Optical and Transport Properties of Semiconductors
How a semiconductor absorbs light and how its carriers drift and diffuse under fields determine whether it makes a good detector, emitter, or transistor, and these properties follow from its band structure and scattering.
Definition
The transport properties of a semiconductor describe how electrons and holes move under electric fields and concentration gradients, characterized by mobility, conductivity, and diffusion; the optical properties describe how the material absorbs and emits light across its band gap, set by the band structure and the directness of the gap.
Scope
This topic covers the electrical transport and optical response of semiconductors: carrier drift and mobility, the scattering mechanisms (phonon and impurity) that limit it, diffusion and the Einstein relation, the Hall effect, and recombination. On the optical side it covers band-edge absorption, the distinction between direct and indirect gaps for light emission, excitons, and photoconductivity. It connects the band structure and carrier statistics of the area to measurable device-relevant properties.
Core questions
- What determines carrier mobility, and which scattering mechanisms limit it?
- How are drift and diffusion related through the Einstein relation?
- Why does the directness of the band gap control whether a semiconductor emits light efficiently?

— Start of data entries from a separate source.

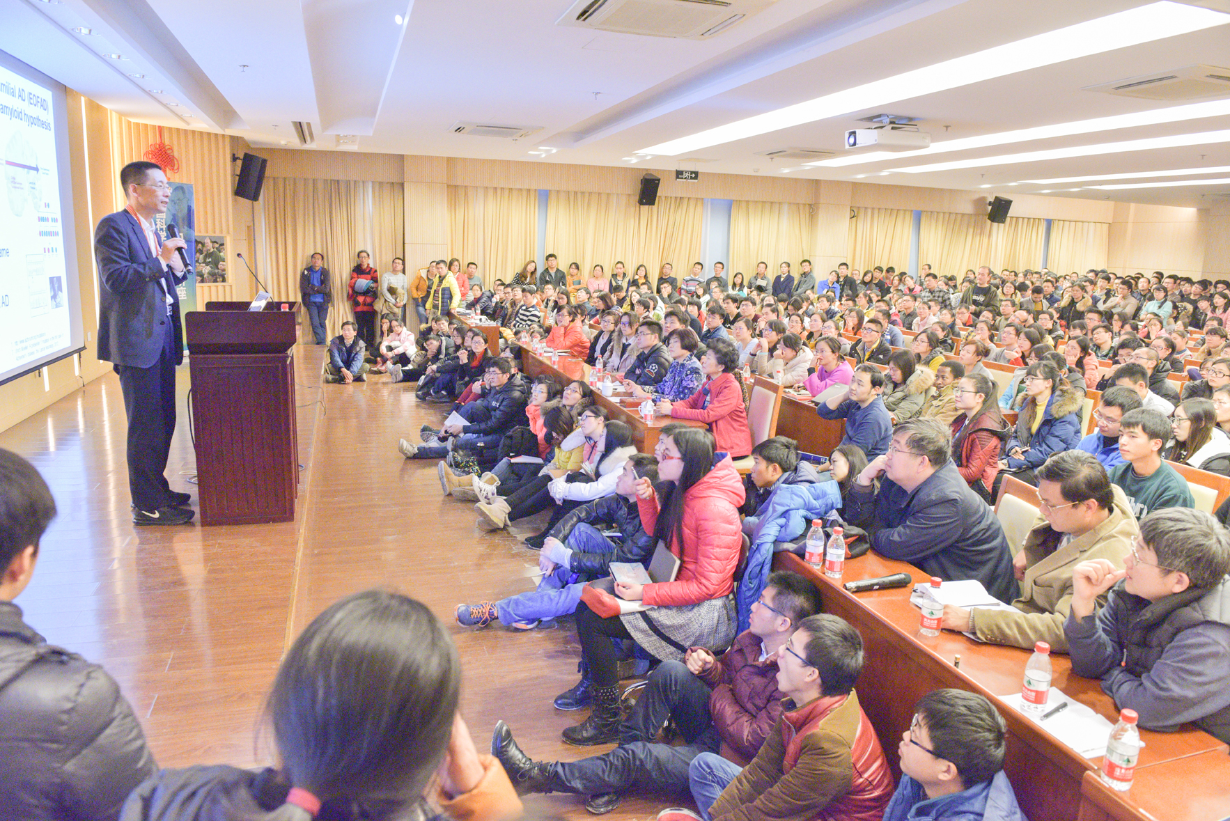 随后,施一公院士重点介绍了他们团队利用冷冻电镜技术对人γ分泌酶的最新工作进展。通过对整个课题研究历程的回顾以及对人γ分泌酶与阿兹海默症相关性研究背景的介绍,施一公院士根据人γ分泌酶结构的分析及阿兹海默症常见突变位点的分析,提出了阿兹海默症与Aβ蛋白沉积无相关性的新观点,为阿兹海默症的发病机理及治疗方向提供了新的依据。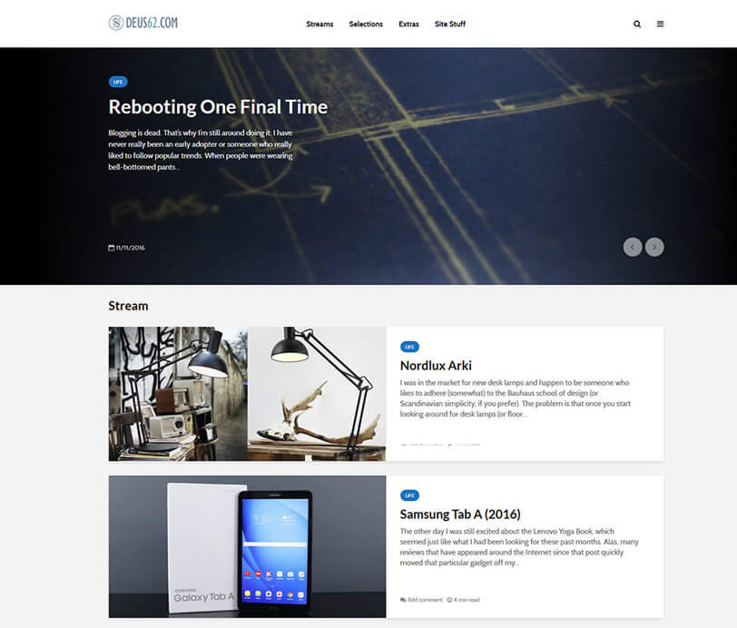 On the revived deus62.com domain, I kept blogging and redesigning, enjoying the work with various excellent themes the always reliable elmastudio.de and Mike McAllister came up with.But, real life often got in the way and health problems started to multiply for a couple of years. So, like most other people, for some years I spent more time on social networks (especially first Facebook and then Instagram) and conversing with friends and acquaintances there. The blogging gradually moved into the background and became more infrequent, but never stopped.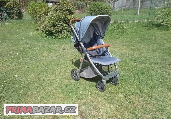 s hnědými koženými madly,lehce skládací,skladný.Originál pláštěnka a taška.Cena 500 kč.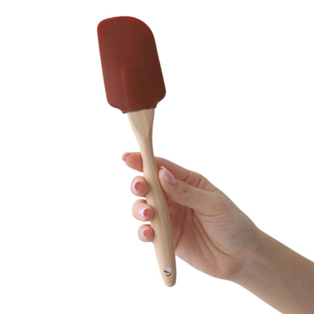 Силіконова лопатка з дерев'яною ручкою, коричневий|PROFSIL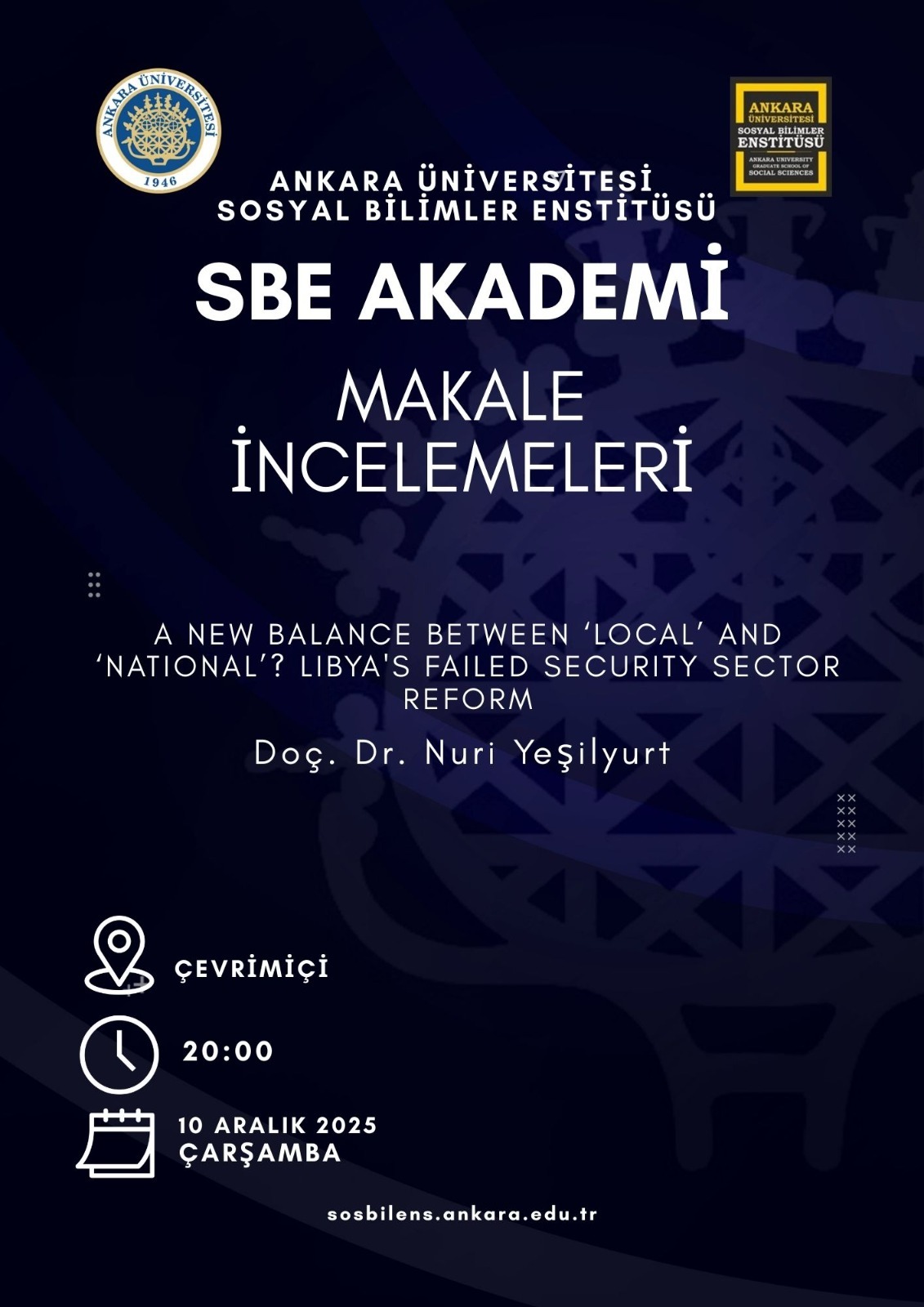 Akademi’de Doç. Dr. Nuri Yeşildağ Makale İncelemeleri kapsamında “A New Balance Between ‘Local’ and ‘National’? Libya’s Failed Security Sector Reform” konulu bir seminer verecek. Seminer yüksek lisans ve doktora öğrencileri için düzenleniyor. Toplantıya katılmak için bağlantıya tıklayınız.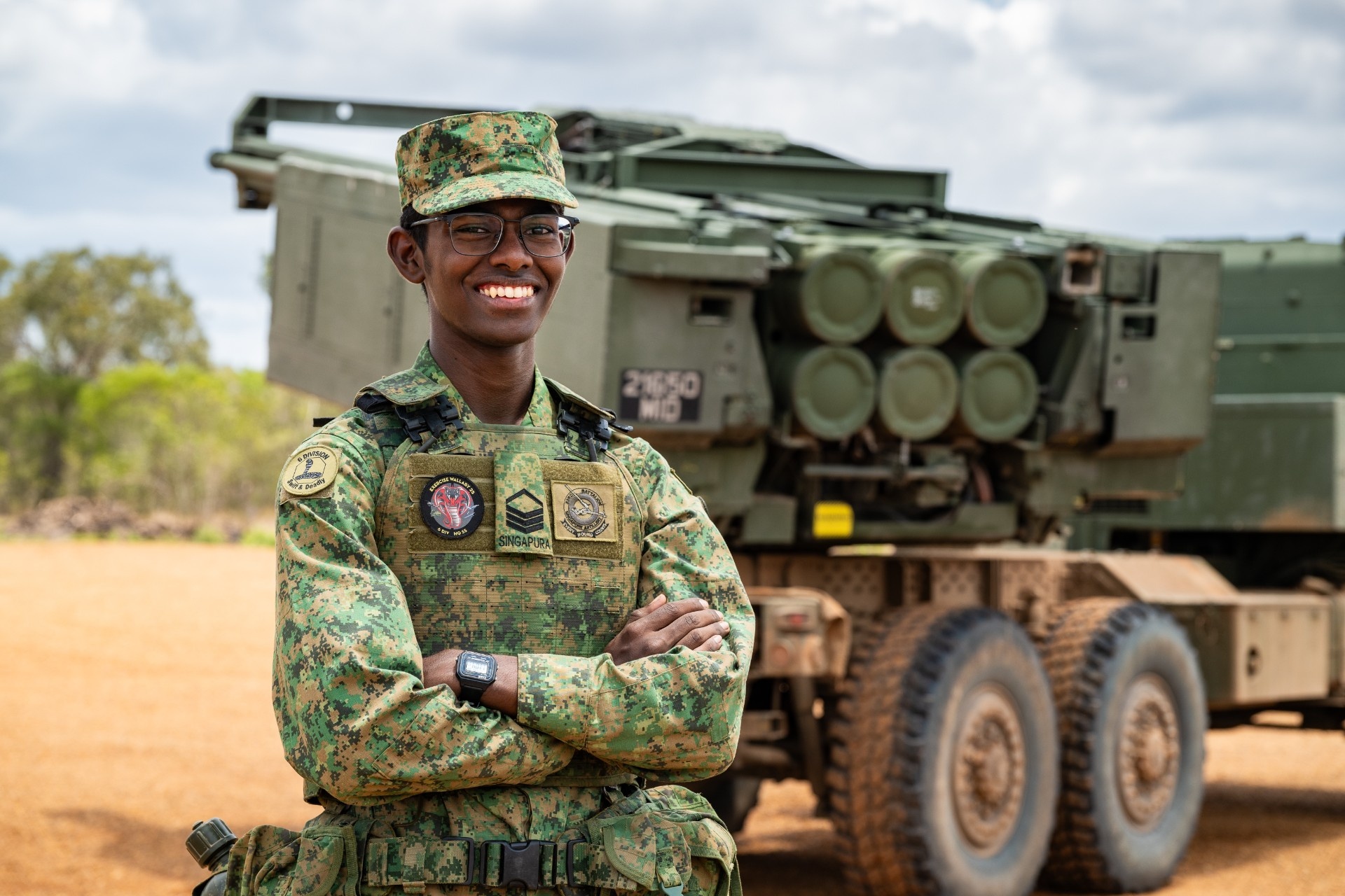 “肩负操作高机动炮兵火箭系统的责任压力很大……但这也是我接手重任、锻炼领导力的宝贵经历,”新加坡炮兵第 23 营 Bravo 炮兵连高机动火箭炮系统炮兵连上士长全职国民服役人员 Surenthiraraj Sailaindraa 二级上士表示。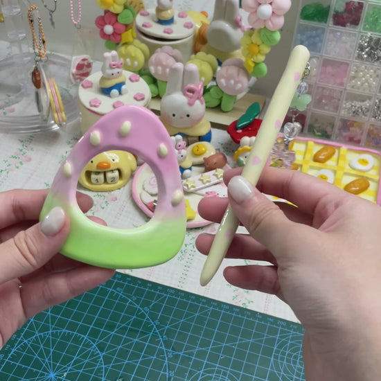 - Materials: Made from DAS air-dry clay, carefully hand-painted with gouache, and sealed with a glossy top coat gel and UV resin for extra durability and shine.

- What are excitons and photoconductivity, and how do they shape optical response?
Key concepts
- Carrier drift, mobility, and conductivity
- Phonon and impurity scattering
- Diffusion and the Einstein relation
- Direct versus indirect optical transitions
- Excitons and photoconductivity
Clinical relevance
Transport and optical properties decide device performance: mobility sets transistor speed, the direct or indirect gap determines whether a material can make efficient LEDs and lasers (as in gallium arsenide versus silicon), and absorption governs photodetectors and solar cells.
History
The Hall effect (1879) provided an early means to measure carrier sign and density; the quantum theory of band-edge absorption and excitons developed in the 1930s, and the recognition that direct-gap compounds like gallium arsenide emit light efficiently underpinned the optoelectronics that emerged from the mid-twentieth century.
Key figures
- Edwin Hall
- Albert Einstein
- Gregory Wannier
Related topics
Seminal works
- ashcroft1976
- sze2007
Frequently asked questions
- Why does silicon make poor light-emitting devices?
- Silicon has an indirect band gap, so an electron and hole recombining across the gap must also involve a phonon to conserve momentum; this makes radiative recombination inefficient, which is why direct-gap materials like gallium arsenide are used for LEDs and lasers.
- What limits how fast carriers move in a semiconductor?
- Carriers are scattered by lattice vibrations (phonons) and by ionized impurities; these collisions cap the mobility, with phonon scattering dominating at high temperature and impurity scattering at low temperature and heavy doping.